* [What this task involves] The data below should be printed in full, exactly, and without any of its images.

* [Recorded information]
┄┄┄┄┄┄┄┄┄┄

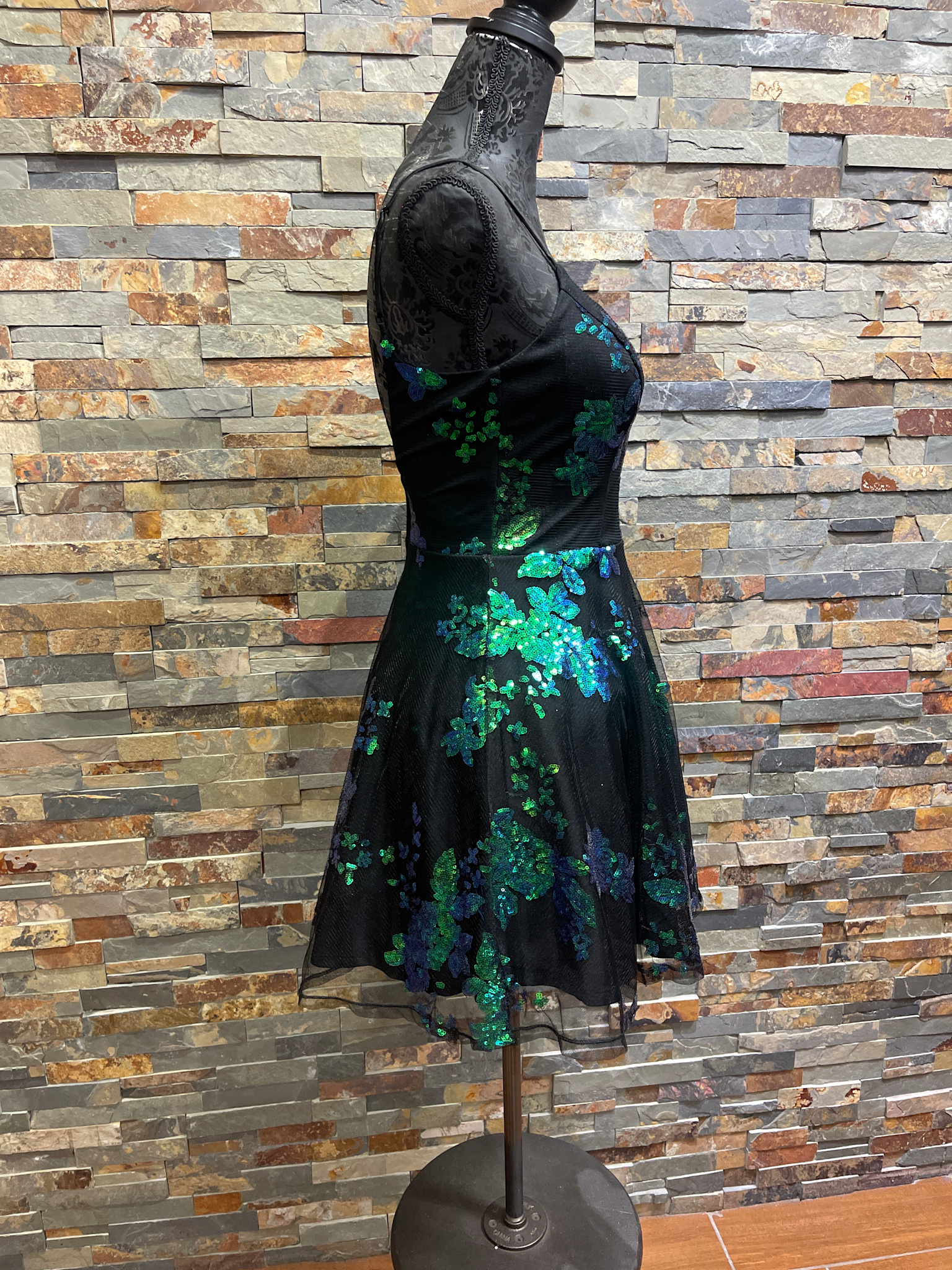 Black Fit & Flare Dress w/Green/Blue Sequin Floral Design
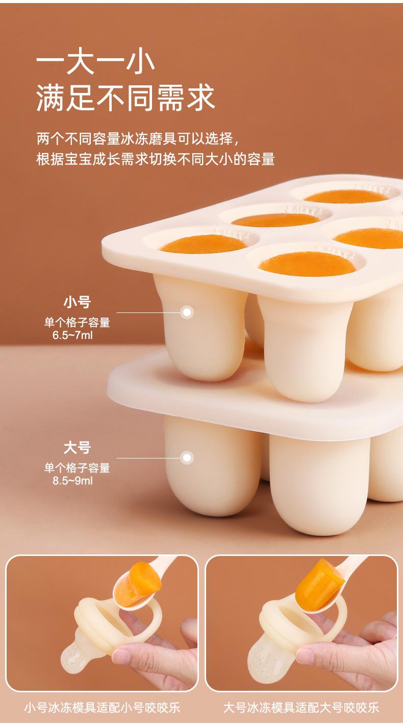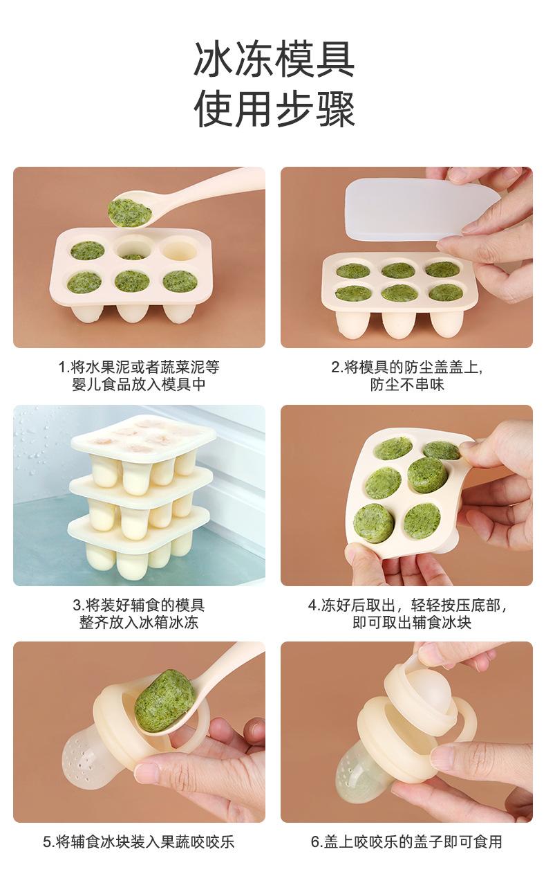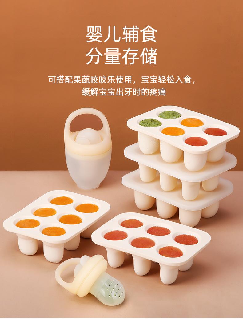 Nueva caja de suplemento alimenticio para bebés, molde congelado de silicona suave de múltiples rejillas para almacenamiento doméstico de alimentos de grado alimenticio, molde congelado con música para morder
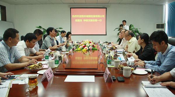 2014年8月12日,勝科城鎮(zhèn)發(fā)展公司副總裁梁國龍、鐘俊文在廣西自治區(qū)商務(wù)廳副廳長韋朝暉、北海市副市長石昆的陪同下赴中國電子北海產(chǎn)業(yè)園,就以北部灣智慧生態(tài)電子城項(xiàng)目為基礎(chǔ),雙方進(jìn)行戰(zhàn)略合作有關(guān)事宜進(jìn)行實(shí)地考察??疾炱陂g,自治區(qū)黨委常委、北海市委王小東書記進(jìn)行了親切會(huì)見,北海市政府林山青常務(wù)副市長帶隊(duì)與考察團(tuán)進(jìn)行了座談。
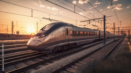 Naklejka premium an express train runs in the sunset. transportation concept. Generative AI

┄┄┄┄┄┄┄┄┄┄

* [Exercise output]
 Black Fit & Flare Dress w/Green/Blue Sequin Floral Design
 Nueva caja de suplemento alimenticio para bebés, molde congelado de silicona suave de múltiples rejillas para almacenamiento doméstico de alimentos de grado alimenticio, molde congelado con música para morder
 2014年8月12日,勝科城鎮(zhèn)發(fā)展公司副總裁梁國龍、鐘俊文在廣西自治區(qū)商務(wù)廳副廳長韋朝暉、北海市副市長石昆的陪同下赴中國電子北海產(chǎn)業(yè)園,就以北部灣智慧生態(tài)電子城項(xiàng)目為基礎(chǔ),雙方進(jìn)行戰(zhàn)略合作有關(guān)事宜進(jìn)行實(shí)地考察??疾炱陂g,自治區(qū)黨委常委、北海市委王小東書記進(jìn)行了親切會(huì)見,北海市政府林山青常務(wù)副市長帶隊(duì)與考察團(tuán)進(jìn)行了座談。
 Naklejka premium an express train runs in the sunset. transportation concept. Generative AI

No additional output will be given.